Entrepreneurs and Cities: Complexity, Thickness, and Balance
William C. Strange
University of Toronto - Rotman School of Management
Robert W. Helsley
University of California, Berkeley - Haas School of Business
November 29, 2010
46th Annual AREUEA Conference Paper
It is well-established that the thickness of large cities' markets can enhance entrepreneurial activity (Vernon (1960)). It has been more recently established that because they carry out so many different tasks, a balance of skills may be beneficial to entrepreneurs (Lazear (2004, 2005)). This paper unifies these approaches to agglomeration and entrepreneurship. It breaks from both by focusing directly on the timeliness of entrepreneurial activity.
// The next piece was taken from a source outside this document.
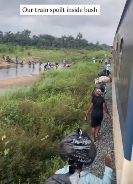 One of the passengers, a lady, took to social media to lament the situation, sharing a video of the halted train and voicing her frustration.

The paper's model of multidimensional task completion generates several interesting results. First, agglomeration economies arising from market thickness are reflected in shorter completion times. Second, complex projects that are infeasible in small cities may be feasible in large cities, where adaptation costs and completion times are lower. Third, it may be possible for less balanced entrepreneurs to manage successfully in large cities by substituting local market thickness for a balance of skills. Fourth, the Lazear result on the balance of entrepreneurs is shown to be related to Jacobs‟ (1969) classic result on urban diversity (city balance). Both are special cases of a more general sort of balance.